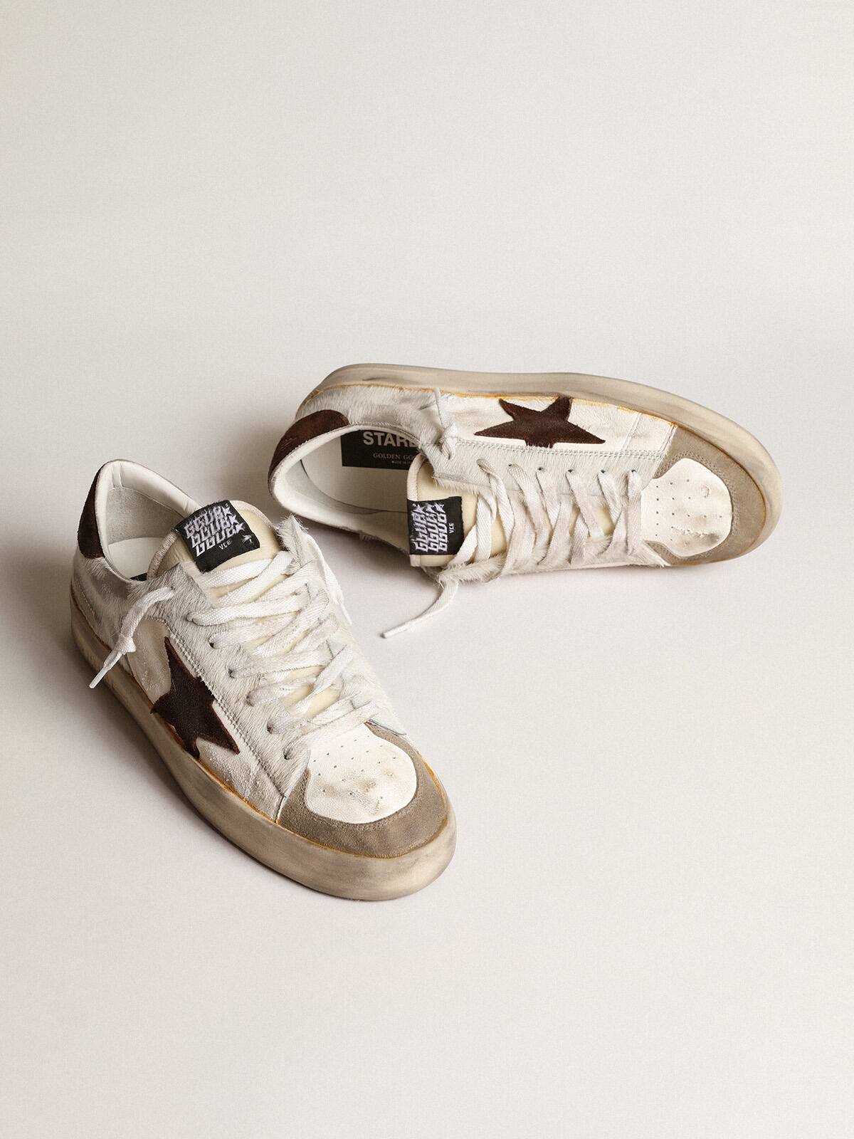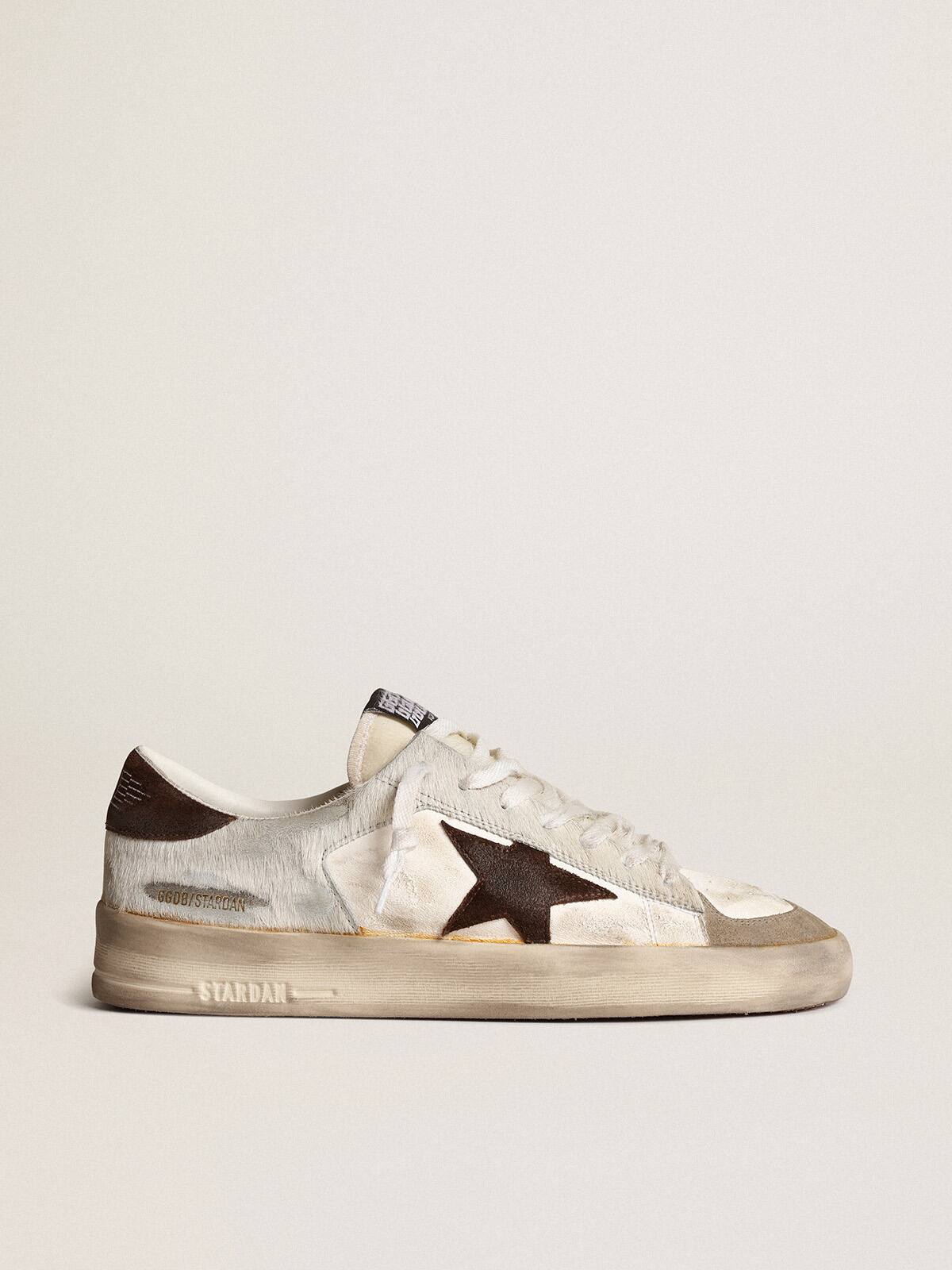 Las gloriosas décadas de los noventa envueltas en una zapatilla. Las zapatillas Stardan rinden homenaje a los íconos del baloncesto de esa década, mientras mantienen un ojo en el presente. En esta versión para hombres, la parte superior de cuero nappa color crema acentuada con inserciones de piel de pony blanca presenta una estrella de ante marrón y una lengüeta en el talón. La puntera de ante gris paloma y los cordones blancos añaden el toque final.
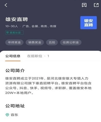 雄安直聘是一款由河北雄安雄大专猎人力资源有限公司推出的线上招聘网站,专为雄安本地的用户打造,提供更加便捷的招聘渠道和服务,让每一个求职者都能够找到自己心仪的工作。在雄安直聘软件中为用户提供了海量的工作岗位,每一个岗位的需求都会展示的非常详细,用户可以根据自己的需求进行筛选查找。找工作,招人才,就上雄安直聘!
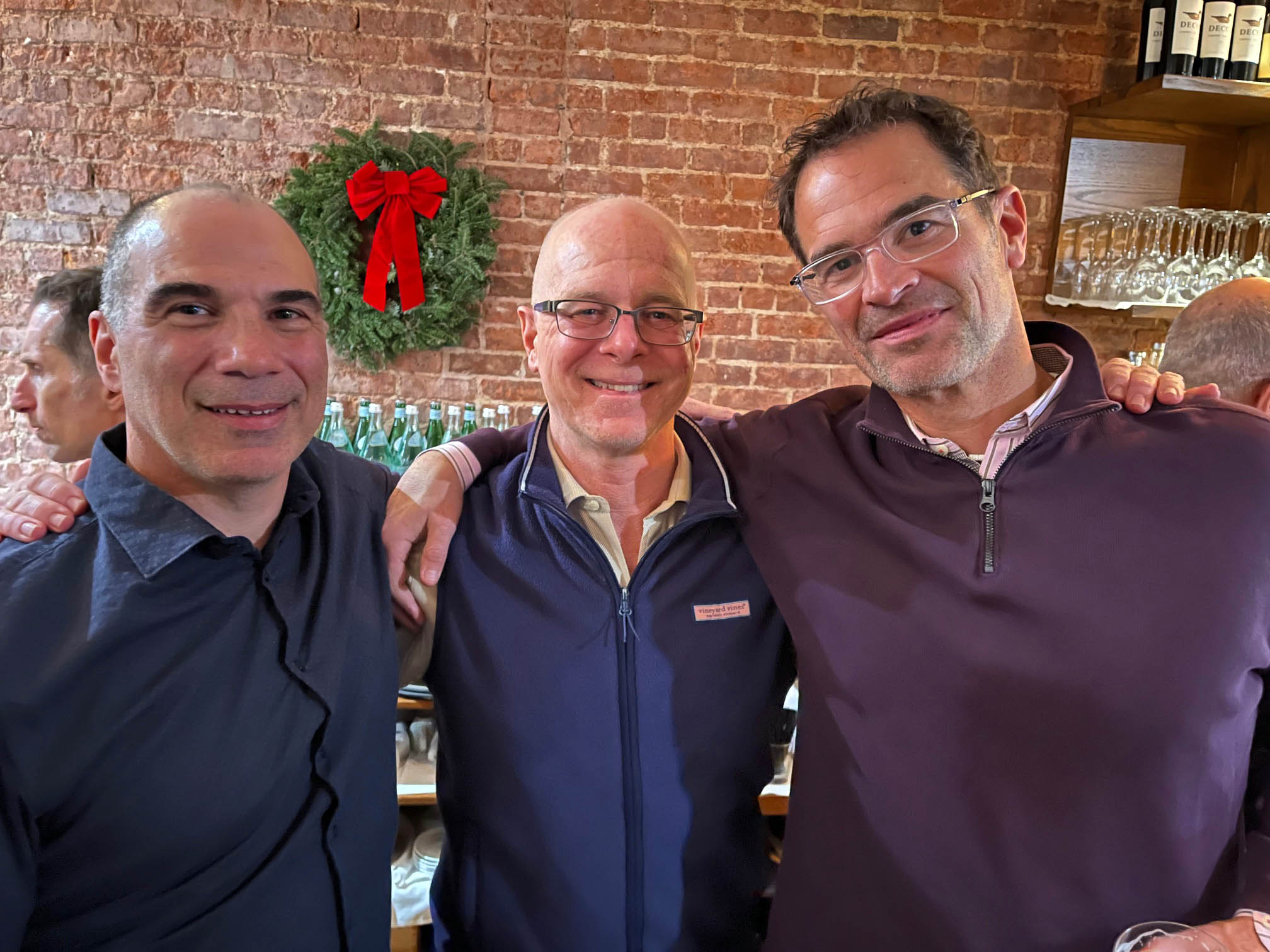 Brothers enjoy the holidays at Trattoria Trecolori in NYC, hosted by Jack Gonzalez ’91 and family.
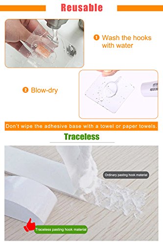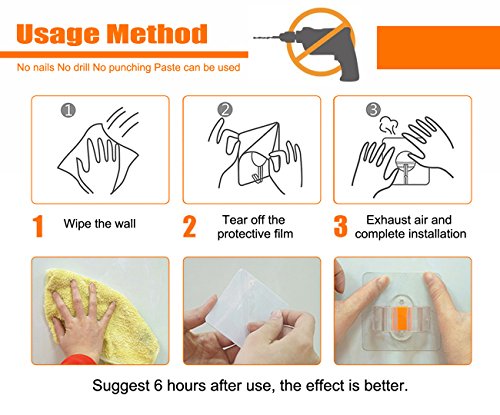 -. Feature : Material:PC+PET+GEL. Specification:80*80mm. Max.loading:8Kg. / Works on a variety of surfaces,like wood,tile,leather,Ceramic,Metal and more. / This is a magic hook, no scratch and no residual glue, waterproof and oilproof, Can reuse after wash and dry. Note that do not use towels and paper towels to wipe the surface of the adhesive. / Great for hanging shower and bath accessories in a bathroom/kitchen/office or living room utensils and tools on a tile backsplash. / Steps to use:first wipe the wall clean,and then tear the film,and then flat paste to the wall,and the inside of the air to remove clean. Recommended for posting 6 hours after use.
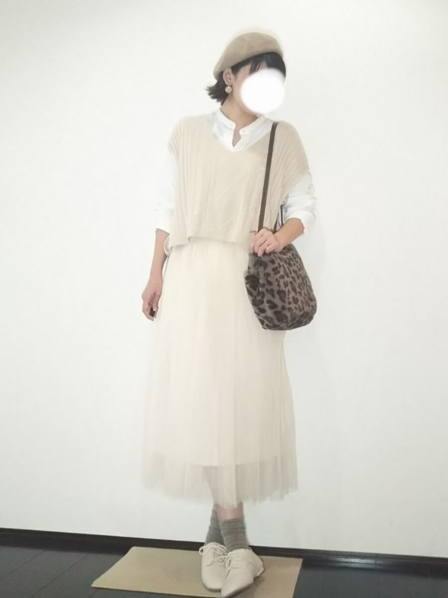 しまむらのレオパード柄バッグやベレー帽を合わせた巧妙な小物使いで、ワンランク上の秋の装いが完成です。
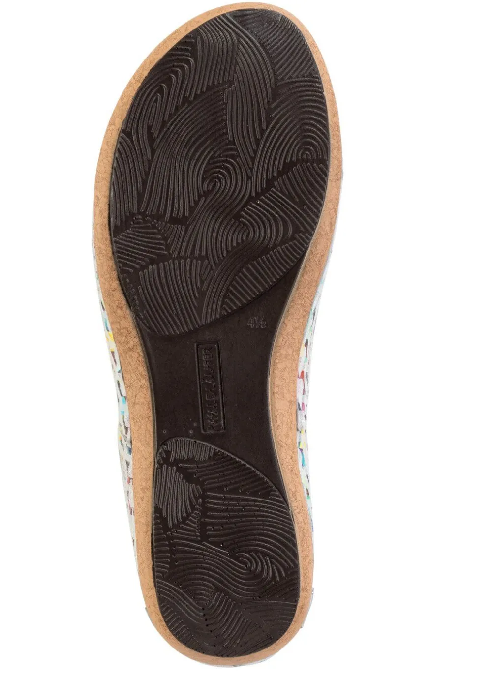 Sandale in Ecru-Bunt, aus effektvoll bedrucktem Nubukleder, mit zwei praktischen Klettspangen: Weite H, Lederfutter, herausnehmbares Lederfußbett, leichte PU-Riffelsohle sowie 25 mm Keilabsatz
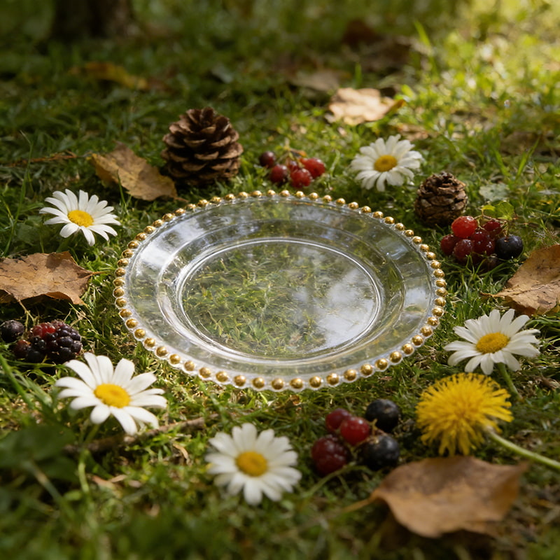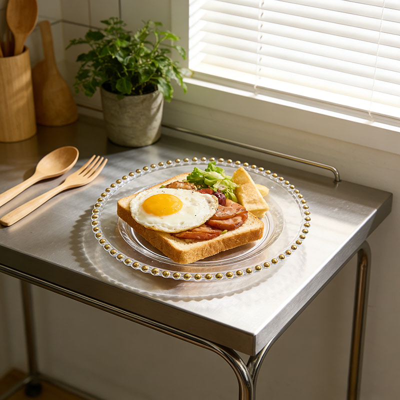 Clear Plastic Plate with Gold Pearl Beaded Rim: Elegant and stylish disposable tableware with premium detail
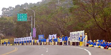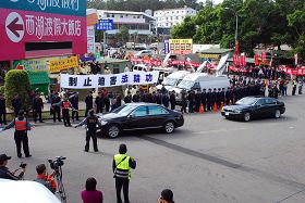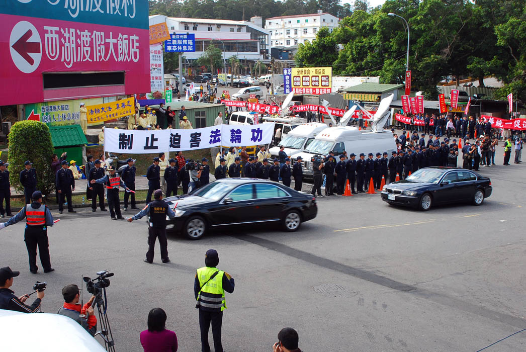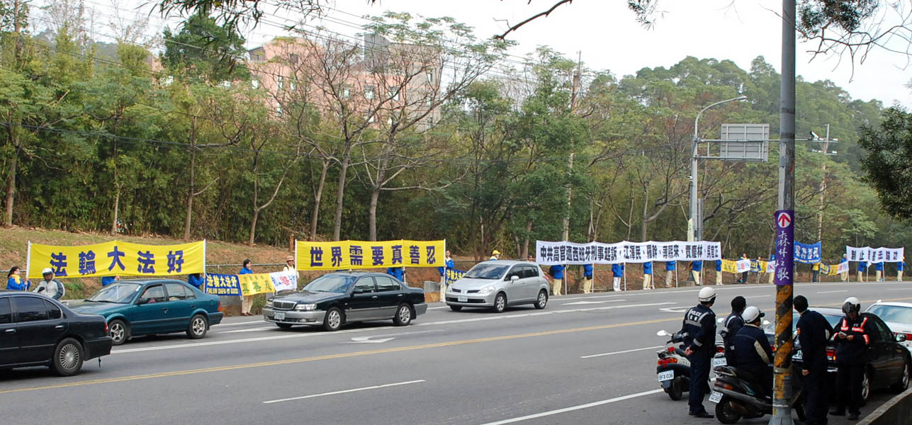 下午二时,陈云林一行人下了三义交流道,随处可见法轮功学员呼吁制止迫害的横幅。在三义木雕博物馆前,陈云林一下车正前方映入眼帘的就是法轮功学员静坐抗议的画面,陈云林快步窜入馆内。据现场杨小姐转述,法轮功学员近距离地喊话,陈云林都看到而且听到了。

+===+

• _WORK TO BE COMPLETED_
Everything in the material except the pictures should be output verbatim.

• _OUTPUT OF THE EXERCISE_
 Las gloriosas décadas de los noventa envueltas en una zapatilla. Las zapatillas Stardan rinden homenaje a los íconos del baloncesto de esa década, mientras mantienen un ojo en el presente. En esta versión para hombres, la parte superior de cuero nappa color crema acentuada con inserciones de piel de pony blanca presenta una estrella de ante marrón y una lengüeta en el talón. La puntera de ante gris paloma y los cordones blancos añaden el toque final.
 雄安直聘是一款由河北雄安雄大专猎人力资源有限公司推出的线上招聘网站,专为雄安本地的用户打造,提供更加便捷的招聘渠道和服务,让每一个求职者都能够找到自己心仪的工作。在雄安直聘软件中为用户提供了海量的工作岗位,每一个岗位的需求都会展示的非常详细,用户可以根据自己的需求进行筛选查找。找工作,招人才,就上雄安直聘!
 Brothers enjoy the holidays at Trattoria Trecolori in NYC, hosted by Jack Gonzalez ’91 and family.
 -. Feature : Material:PC+PET+GEL. Specification:80*80mm. Max.loading:8Kg. / Works on a variety of surfaces,like wood,tile,leather,Ceramic,Metal and more. / This is a magic hook, no scratch and no residual glue, waterproof and oilproof, Can reuse after wash and dry. Note that do not use towels and paper towels to wipe the surface of the adhesive. / Great for hanging shower and bath accessories in a bathroom/kitchen/office or living room utensils and tools on a tile backsplash. / Steps to use:first wipe the wall clean,and then tear the film,and then flat paste to the wall,and the inside of the air to remove clean. Recommended for posting 6 hours after use.
 しまむらのレオパード柄バッグやベレー帽を合わせた巧妙な小物使いで、ワンランク上の秋の装いが完成です。
 Sandale in Ecru-Bunt, aus effektvoll bedrucktem Nubukleder, mit zwei praktischen Klettspangen: Weite H, Lederfutter, herausnehmbares Lederfußbett, leichte PU-Riffelsohle sowie 25 mm Keilabsatz
 Clear Plastic Plate with Gold Pearl Beaded Rim: Elegant and stylish disposable tableware with premium detail
 下午二时,陈云林一行人下了三义交流道,随处可见法轮功学员呼吁制止迫害的横幅。在三义木雕博物馆前,陈云林一下车正前方映入眼帘的就是法轮功学员静坐抗议的画面,陈云林快步窜入馆内。据现场杨小姐转述,法轮功学员近距离地喊话,陈云林都看到而且听到了。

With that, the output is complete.